Stored dataset items
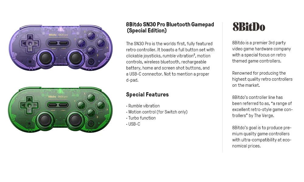Model | 8BitDo SN30 Pro Bluetooth Gamepad |
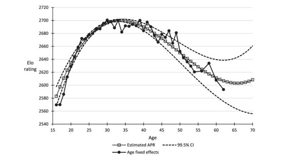 Los resultados empíricos son consistentes con el modelo teórico y con otras evidencias empíricas sobre el efecto de la edad en el ajedrez o en otras tareas cognitivas. Se estima que el rendimiento alcanza su máximo, en promedio, a los 33 años de edad, y que disminuye después debido a factores relacionados con el envejecimiento del cerebro, la fatiga y la motivación. La relación entre la edad y el rendimiento es más precisa usando las puntuaciones Elo que usando los resultados de las partidas.
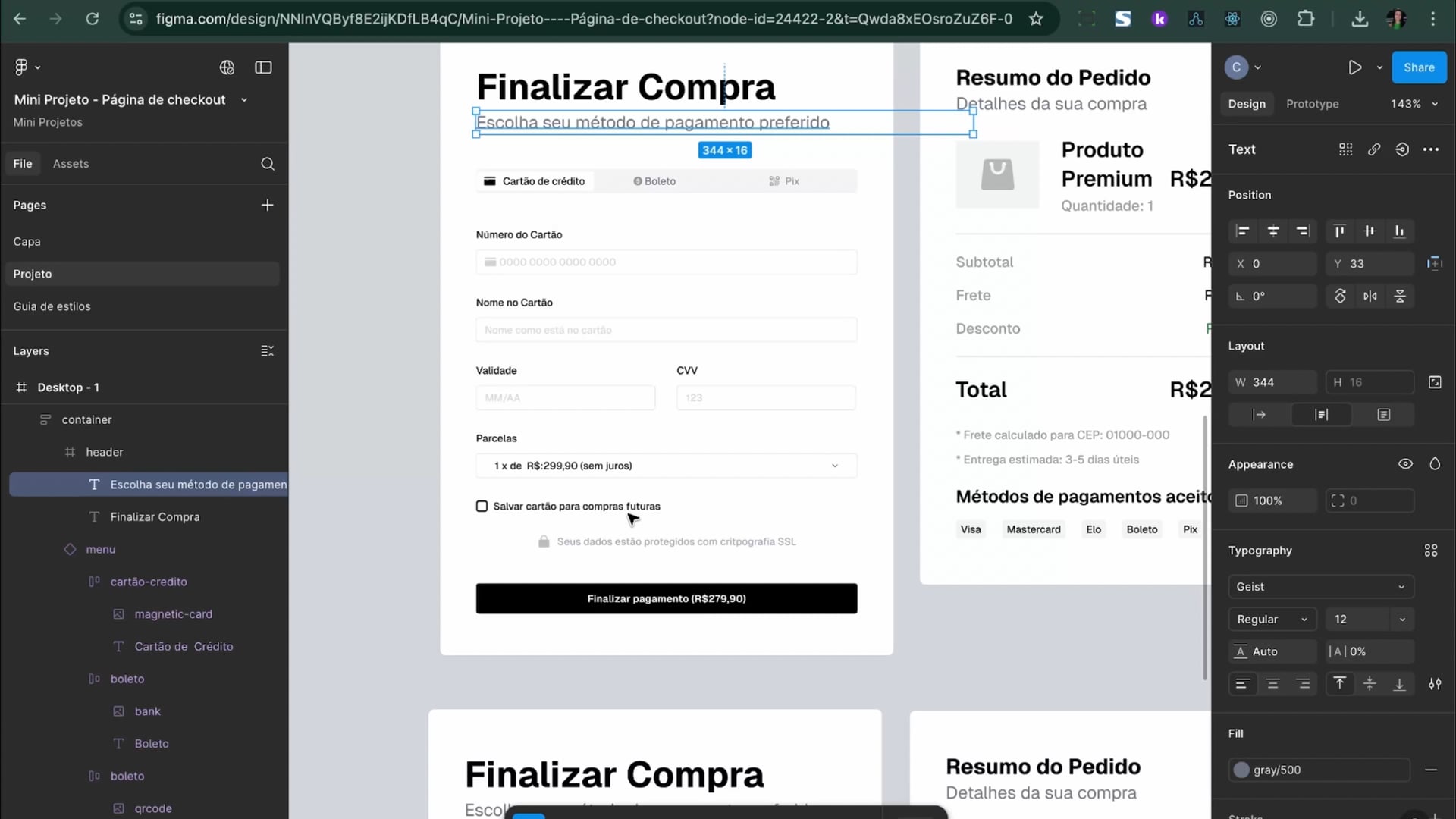 Criamos um formulário para informações de cartão de crédito em nosso projeto. Adicionamos inputs para número, nome, validade, CVC e opções de parcelamento. Finalizamos com um checkbox para opção de salvar cartão.
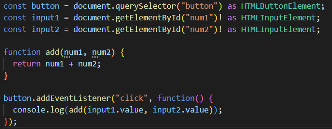 또한 이것이 항상 input 요소이기 떄문에 형 변환인 HTMLinputElement로 사용할 수 있음을 알려줌
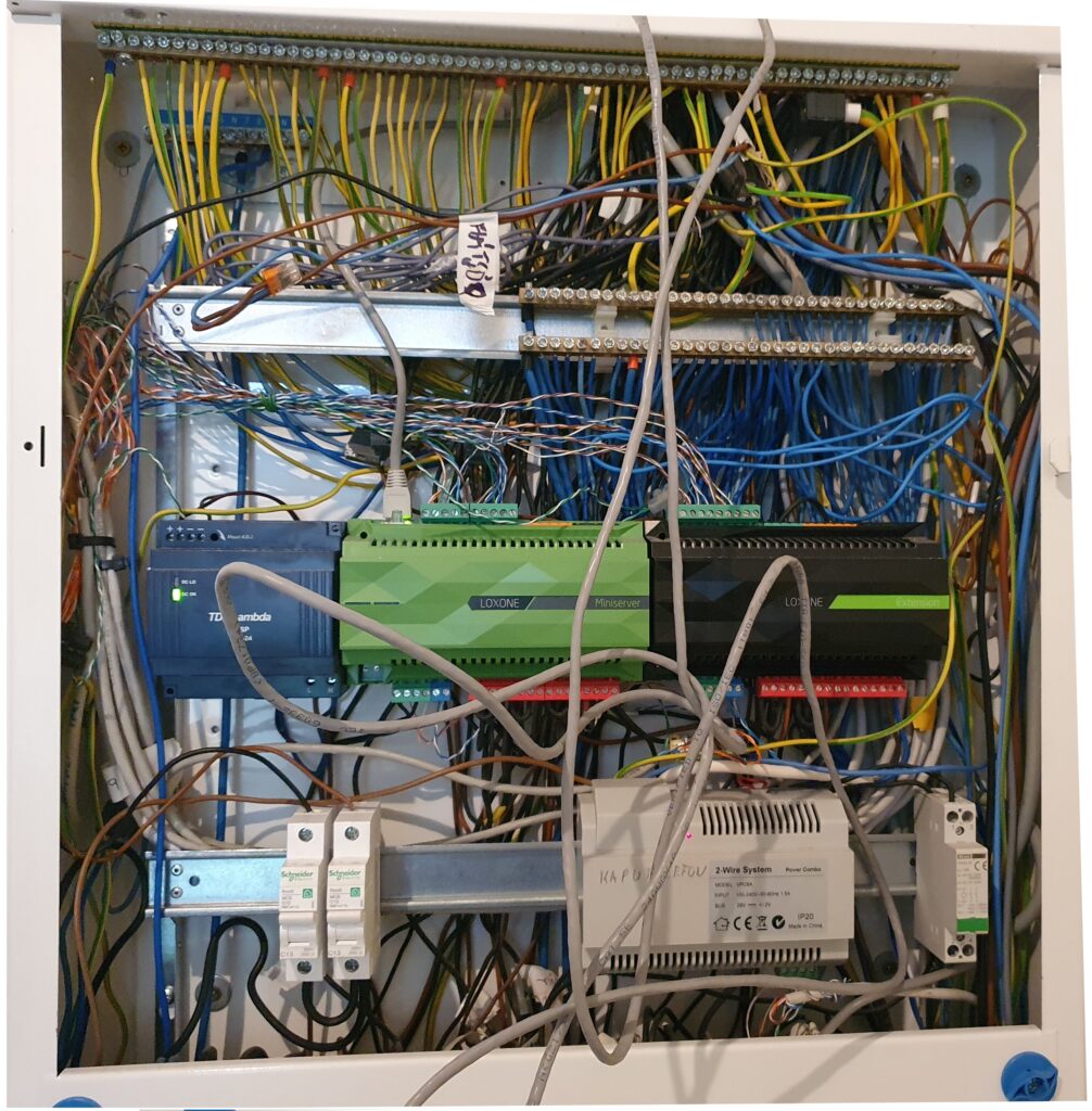 Ez egy icipici Loxone rendszer. Tipikus példája annak, amikor a sorkapocsnak sajnálják a helyet, mert hogy alig pár ki-be menet szóval átlátjuk ezt… Mondjuk attól még lehetne igényesebben elvezetni a kábeleket. Nem kellene ráhagyni 20-30 centi felesleget.
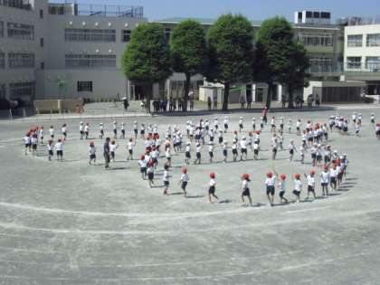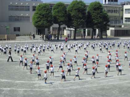 運動会が近づいてきました。各学年は校庭で表現の練習を始めています。子どもたちは先生の話を真剣に聞きながら、上手に踊ろうと頑張っています。
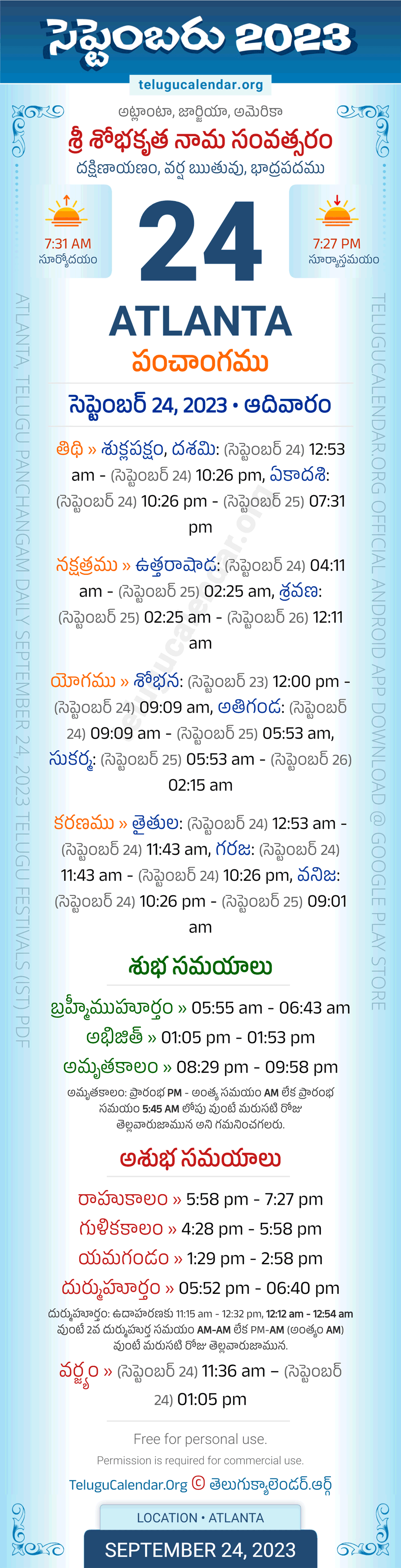 Download » September 24, 2023 » Atlanta (USA) Telugu Panchangam Daily Sheet with Auspicious and Inauspicious Timings.

*What the task requires:* Exclude the pictures, and output exactly the lines from the one with "Criamos um formulário" through the last line of the records, both included.

*Result:*
 Criamos um formulário para informações de cartão de crédito em nosso projeto. Adicionamos inputs para número, nome, validade, CVC e opções de parcelamento. Finalizamos com um checkbox para opção de salvar cartão.
 또한 이것이 항상 input 요소이기 떄문에 형 변환인 HTMLinputElement로 사용할 수 있음을 알려줌
 Ez egy icipici Loxone rendszer. Tipikus példája annak, amikor a sorkapocsnak sajnálják a helyet, mert hogy alig pár ki-be menet szóval átlátjuk ezt… Mondjuk attól még lehetne igényesebben elvezetni a kábeleket. Nem kellene ráhagyni 20-30 centi felesleget.
 運動会が近づいてきました。各学年は校庭で表現の練習を始めています。子どもたちは先生の話を真剣に聞きながら、上手に踊ろうと頑張っています。
 Download » September 24, 2023 » Atlanta (USA) Telugu Panchangam Daily Sheet with Auspicious and Inauspicious Timings.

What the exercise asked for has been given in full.